Um ano novo diferente
Arranjava uma casa, um clube ou uma cidade para romper o ano novo. Escolhia invariavelmente uma cidade mais agitada, um clube em evidência ou uma casa – não precisava ser necessariamente de família – em que pudesse conhecer pessoas importantes, influentes ou famosas.
Fiquei nessa vida nove ou dez anos. O tempo foi passando, a idade chegando, os hábitos mudando e eu continuando a freqüentar lugares que pudessem dar visibilidade. Durante esse tempo de festas intensas, principalmente as de fim de ano, conheci várias mulheres. Se pudesse, cantaria aquela música do Martinho da Vila e, mesmo assim, a música seria pouco para descrever a diversidade.
Mas, assim como na música de Martinho da Vila, conheci uma mulher que sabia me fazer feliz. Somente ela sabia me fazer feliz. Conversávamos, jogávamos baralho juntos, caminhávamos de manhã cedo, viajávamos para cidades da região e, quando o dinheiro dava, para cidades e estados mais distantes. Em cinco meses de namoro vivi mais feliz do que em vinte anos de farras, de balbúrdia e de baderna.
Como eu descobri que aquela era a mulher da minha vida?
Aconteceu numa festa de ano novo. Combinei de passar às dez e meia na casa dela. Ao buzinar, saiu num vestido branco lindo harmoniosamente entrelaçado às sandálias brancas e à tiara de pequenos brilhantes. Pôs-me uma venda nos olhos, assumiu a direção, disse para não me impacientar, que me levava para o melhor ano novo que eu já comemorara.
Depois de algumas voltas, paradas, entradas, desvios, senti que o carro subia numa espécie de garagem cuja rampa, em virtude do esforço de minha namorada na direção, parecia estreita ou inapropriada. Sobe, desce, desliga o carro, liga o carro, muda de marcha, entramos no estacionamento onde, retirando minha venda, sorriu ingenuamente.
Quando me disse que faria uma surpresa, pensei que algum cantor ou grupo musical famoso estivesse na cidade, um líder religioso que me colocaria nas primeiras páginas dos jornais, um jogador de futebol (também poderia ser um de basquete, de vôlei ou de pólo), um ator ou apresentador de televisão e, em último caso, uma celebridade instantânea ou um político corrupto (o que importava era estar onde fosse visto). Quando a luz fraca bateu nas minhas vistas, descobri que estava num lar de idosos.
Perguntaria se aquilo era uma piada ou uma pegadinha. Diria que brincadeira tinha hora e que precisávamos correr se quiséssemos encontrar um bom lugar para passar o réveillon, mas percebi, pelo olhar dela, que não se tratava de piada. Calmo, perguntei o que faríamos ali.

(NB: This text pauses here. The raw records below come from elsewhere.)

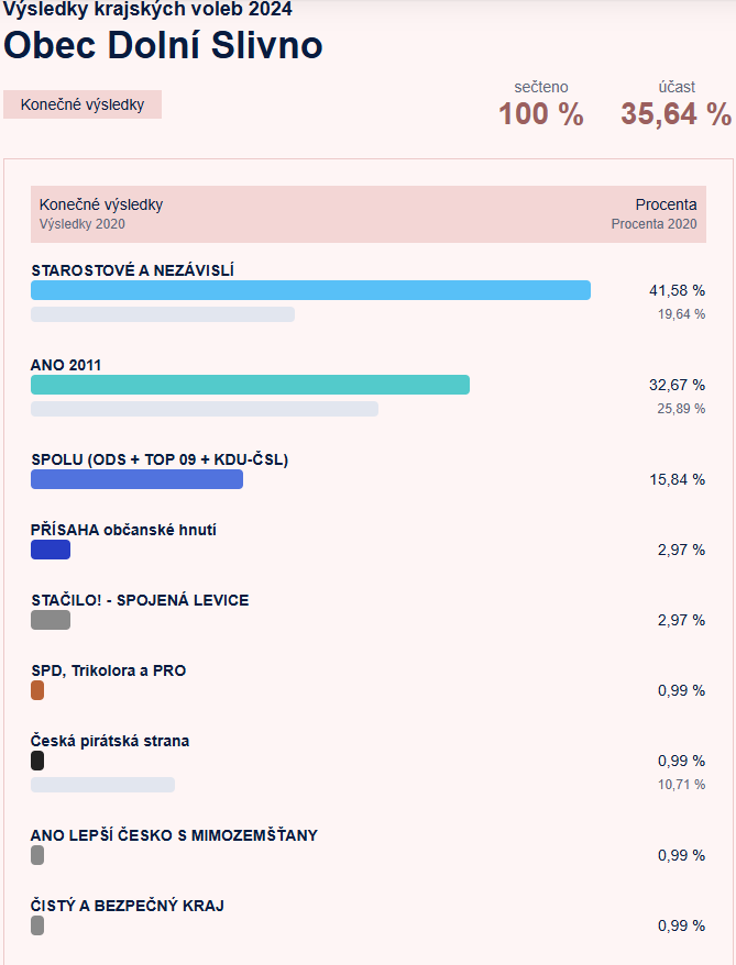 Výsledky krajských voleb 2024 - Dolní Slivno
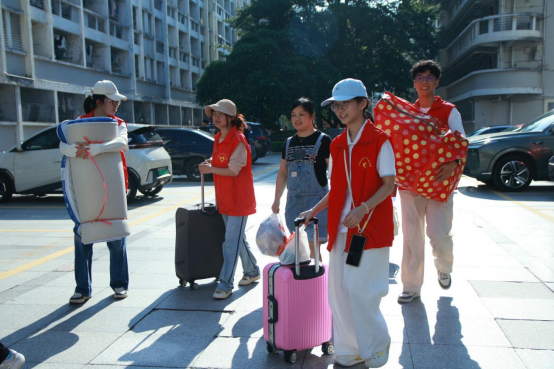 迎新筹备者:学长学姐早早就穿梭在宿舍、报到点与迎新区,把热情与细心藏进校园每一处,只为给新生打造温暖的“第一站”。
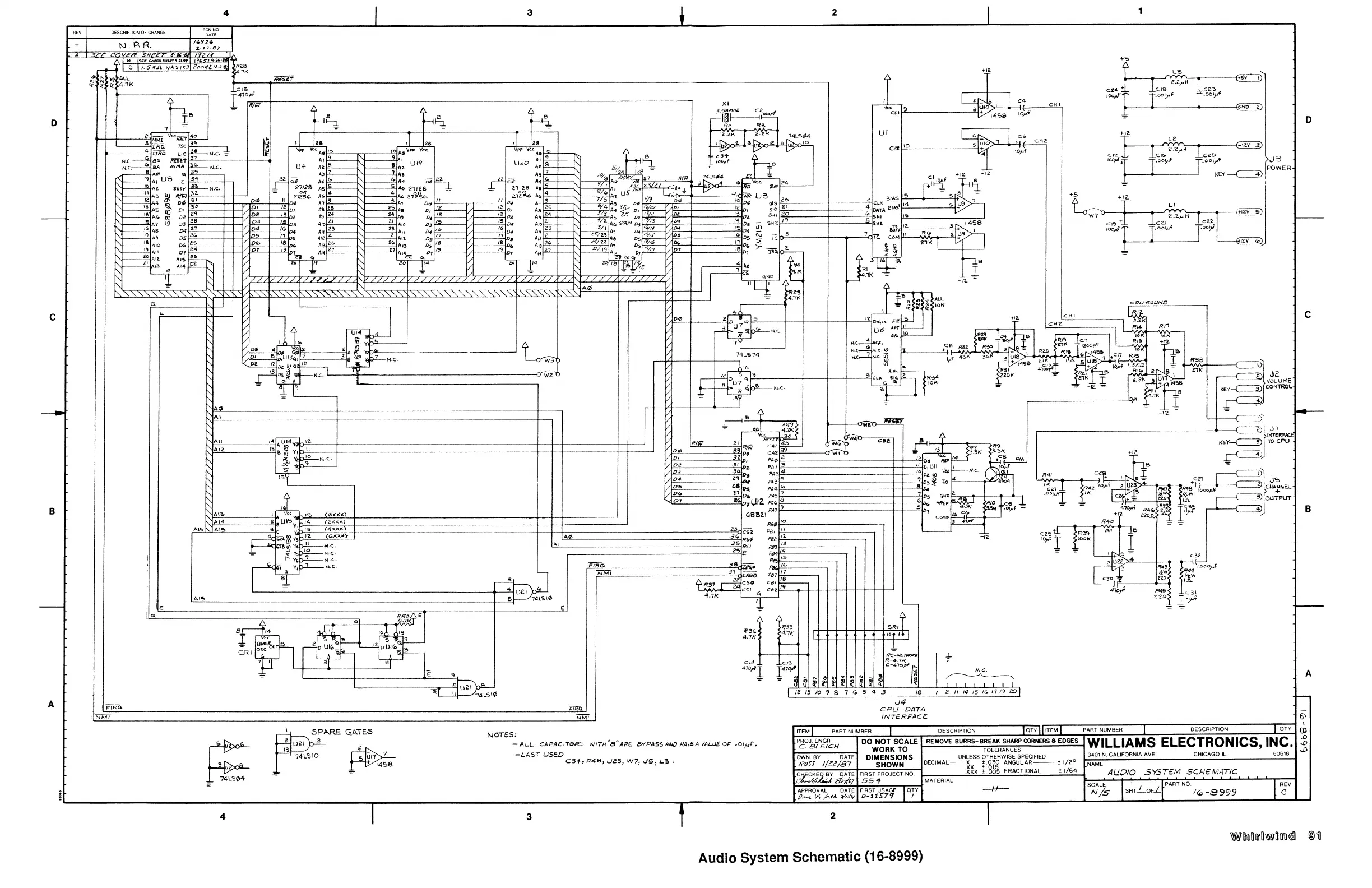 Williams Electronics WHIRLWIND - Audio System Schematic
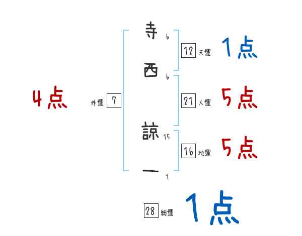 寺西諒一さんの画数の鑑定結果
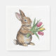 Tvätta vattenfärgsbunny med vår-tulpaner på vit bakgrund.
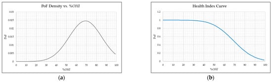 In Figure 3, on the left-hand side, normal distribution is used to estimate the failure probability of sample retired underground cable systems based on a mean and a standard deviation [16,20]. The probability of failure of underground cable systems is a combination of the system failure rate and %OHI, which illustrates the relationship between PoF and %OHI. This illustration was then confirmed by means of regression analysis of historical %OHI records of retired cable systems. With respect to the normal distribution analysis, three functions were used to determine the PoF from the %OHI, as follows: probability density function (PDF) or f(x); cumulative distribution function (CDF) or F(x); and survival function or S(x), as expressed in Equations (6)–(8) [13,18].
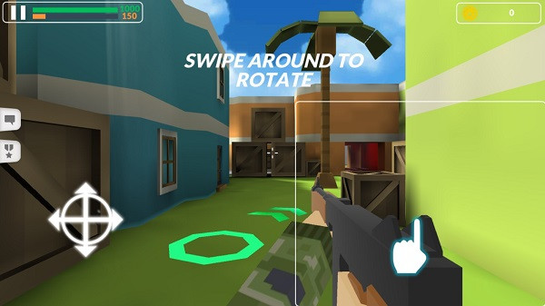 1、进入方块枪战游戏后会有详细的新手教学,如图,通过滑动右侧的屏幕来转动视角。
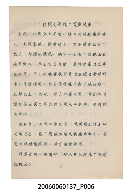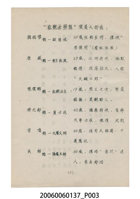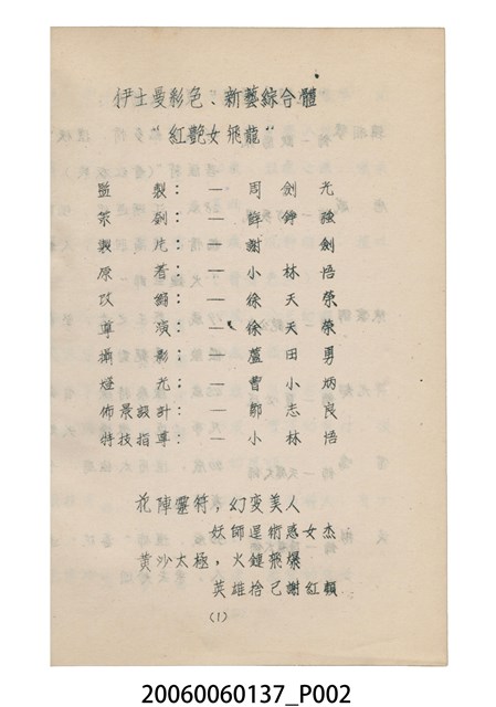 本件保存良好,雙面彩色印刷,為華國電影製片廠出品紅艷女飛龍電影本事,由韓湘琴、唐威主演,導演徐天榮。

- Eu não prometi a melhor festa de fim de ano?
As palavras dela transformaram-se em sinos violentamente batidos perto de alguém com enxaqueca. Encenei um sorriso pensando que noite maravilhosa estaria perdendo com aquele pessoal. Inventava uma desculpa para os amigos no momento em que, acenando da cozinha, colocou um avental, um chapéu engraçado e disse que eu distribuiria arroz e frutas.
Bufava de raiva, vislumbrava palavrões, preparava-me para mandar todo mundo para o inferno quando uma senhora, apoiando-se na bengala e segurando um prato de quitutes, escorregou e se desequilibrou. Pulei a mesa, coloquei-a nos braços e corri para meu carro, gritando para que abrissem caminho. À porta, minha namorada segurou-me. Que me acalmasse. Apenas uma queda.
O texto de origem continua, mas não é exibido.